The task: Quote exactly the lines from the one with "秾心百廿组的作品《群星闪耀时" to the end of the data, both included; omit the pictures.

Data in this exercise:
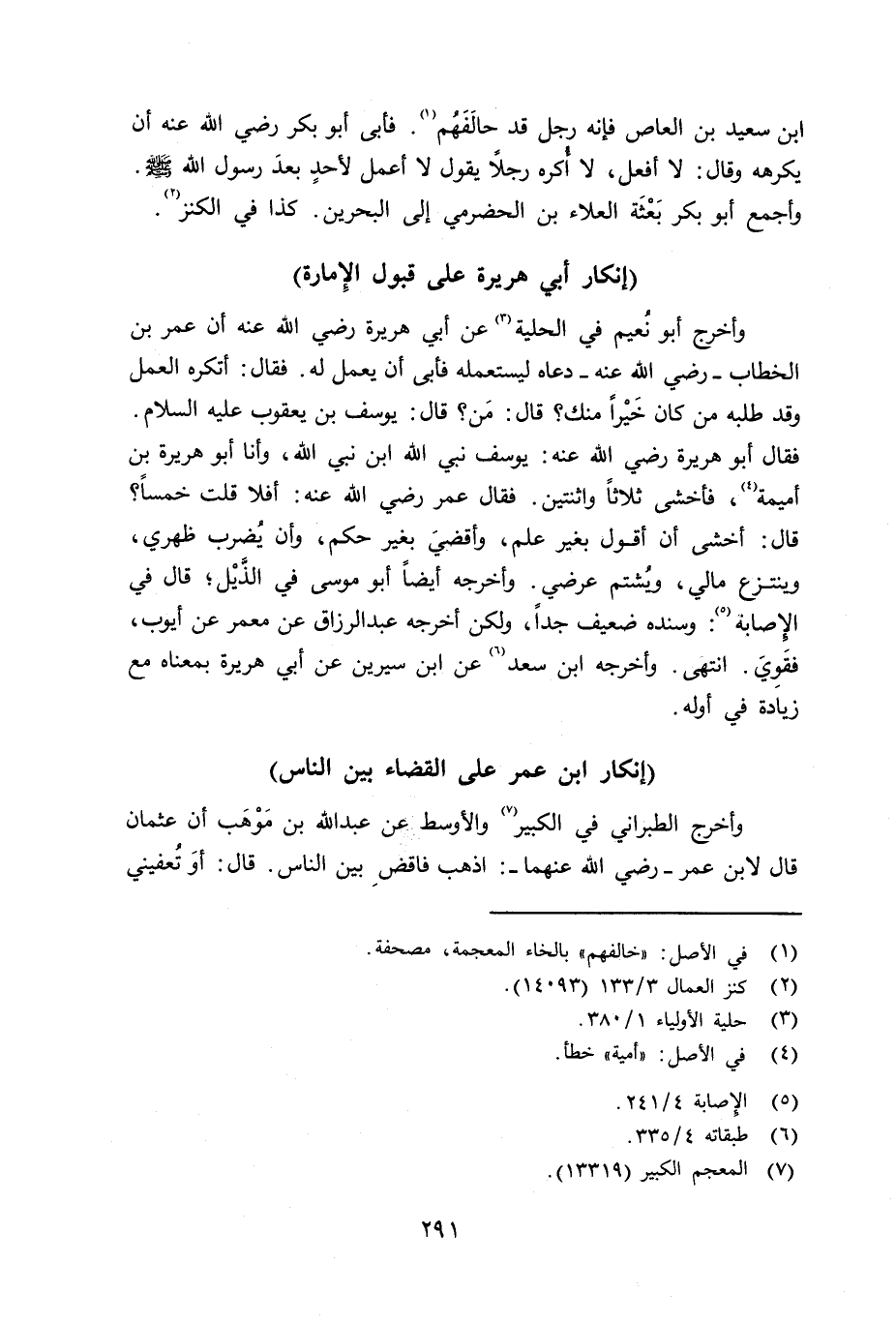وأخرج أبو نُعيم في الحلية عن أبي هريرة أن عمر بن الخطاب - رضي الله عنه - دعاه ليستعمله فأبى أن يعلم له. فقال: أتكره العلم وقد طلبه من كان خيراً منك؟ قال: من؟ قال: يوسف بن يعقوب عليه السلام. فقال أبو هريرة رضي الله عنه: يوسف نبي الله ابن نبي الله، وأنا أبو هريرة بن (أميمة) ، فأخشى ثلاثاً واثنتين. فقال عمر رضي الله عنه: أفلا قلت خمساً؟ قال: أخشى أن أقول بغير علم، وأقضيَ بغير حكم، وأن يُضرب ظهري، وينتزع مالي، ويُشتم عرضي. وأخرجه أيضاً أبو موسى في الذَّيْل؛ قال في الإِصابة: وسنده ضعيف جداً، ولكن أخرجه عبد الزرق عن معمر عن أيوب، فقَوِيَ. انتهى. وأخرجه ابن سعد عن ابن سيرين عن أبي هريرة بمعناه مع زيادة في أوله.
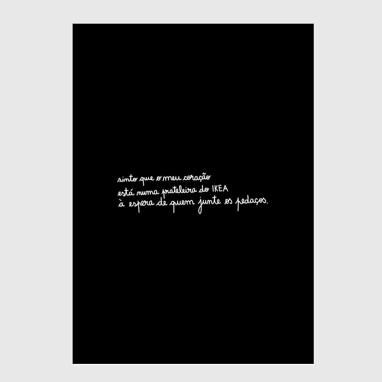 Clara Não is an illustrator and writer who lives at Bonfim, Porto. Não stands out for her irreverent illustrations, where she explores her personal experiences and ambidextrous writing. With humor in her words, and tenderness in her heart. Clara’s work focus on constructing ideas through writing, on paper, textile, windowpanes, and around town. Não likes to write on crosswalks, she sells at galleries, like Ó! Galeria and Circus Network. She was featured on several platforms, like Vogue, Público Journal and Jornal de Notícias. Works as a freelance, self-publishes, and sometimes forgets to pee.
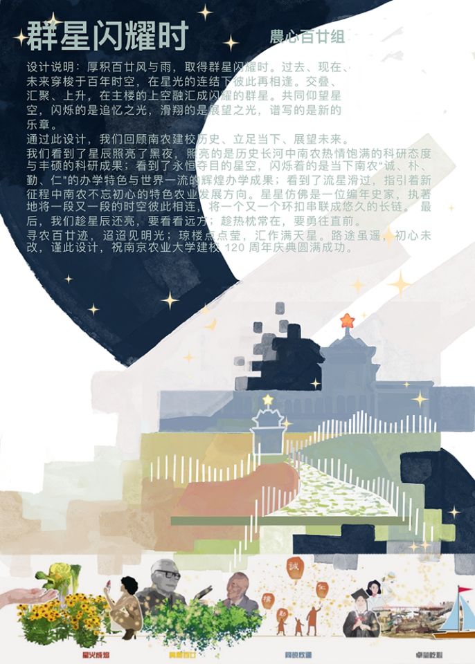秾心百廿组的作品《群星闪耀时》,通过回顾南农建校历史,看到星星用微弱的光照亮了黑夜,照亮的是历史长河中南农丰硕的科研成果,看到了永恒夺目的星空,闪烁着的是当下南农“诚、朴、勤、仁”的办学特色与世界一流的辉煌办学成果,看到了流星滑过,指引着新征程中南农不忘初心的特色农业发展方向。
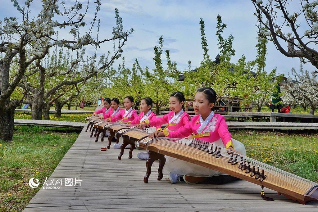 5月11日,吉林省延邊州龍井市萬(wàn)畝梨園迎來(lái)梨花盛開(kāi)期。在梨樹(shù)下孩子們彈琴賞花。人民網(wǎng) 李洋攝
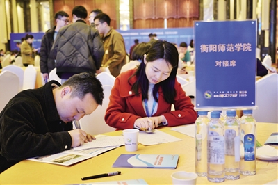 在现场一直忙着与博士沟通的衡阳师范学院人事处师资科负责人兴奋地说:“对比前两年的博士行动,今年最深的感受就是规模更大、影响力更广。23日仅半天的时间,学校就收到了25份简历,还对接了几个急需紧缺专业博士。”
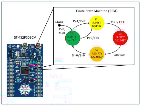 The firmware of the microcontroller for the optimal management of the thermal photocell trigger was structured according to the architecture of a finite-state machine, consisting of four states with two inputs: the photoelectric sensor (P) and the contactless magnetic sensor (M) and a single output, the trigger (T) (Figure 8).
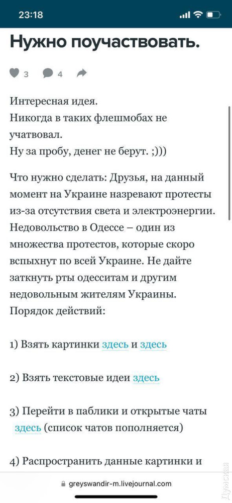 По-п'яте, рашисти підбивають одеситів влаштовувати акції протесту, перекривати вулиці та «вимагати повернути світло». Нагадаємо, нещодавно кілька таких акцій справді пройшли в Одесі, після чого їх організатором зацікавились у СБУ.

Task output:
秾心百廿组的作品《群星闪耀时》,通过回顾南农建校历史,看到星星用微弱的光照亮了黑夜,照亮的是历史长河中南农丰硕的科研成果,看到了永恒夺目的星空,闪烁着的是当下南农“诚、朴、勤、仁”的办学特色与世界一流的辉煌办学成果,看到了流星滑过,指引着新征程中南农不忘初心的特色农业发展方向。
 5月11日,吉林省延邊州龍井市萬(wàn)畝梨園迎來(lái)梨花盛開(kāi)期。在梨樹(shù)下孩子們彈琴賞花。人民網(wǎng) 李洋攝
 在现场一直忙着与博士沟通的衡阳师范学院人事处师资科负责人兴奋地说:“对比前两年的博士行动,今年最深的感受就是规模更大、影响力更广。23日仅半天的时间,学校就收到了25份简历,还对接了几个急需紧缺专业博士。”
 The firmware of the microcontroller for the optimal management of the thermal photocell trigger was structured according to the architecture of a finite-state machine, consisting of four states with two inputs: the photoelectric sensor (P) and the contactless magnetic sensor (M) and a single output, the trigger (T) (Figure 8).
 По-п'яте, рашисти підбивають одеситів влаштовувати акції протесту, перекривати вулиці та «вимагати повернути світло». Нагадаємо, нещодавно кілька таких акцій справді пройшли в Одесі, після чого їх організатором зацікавились у СБУ.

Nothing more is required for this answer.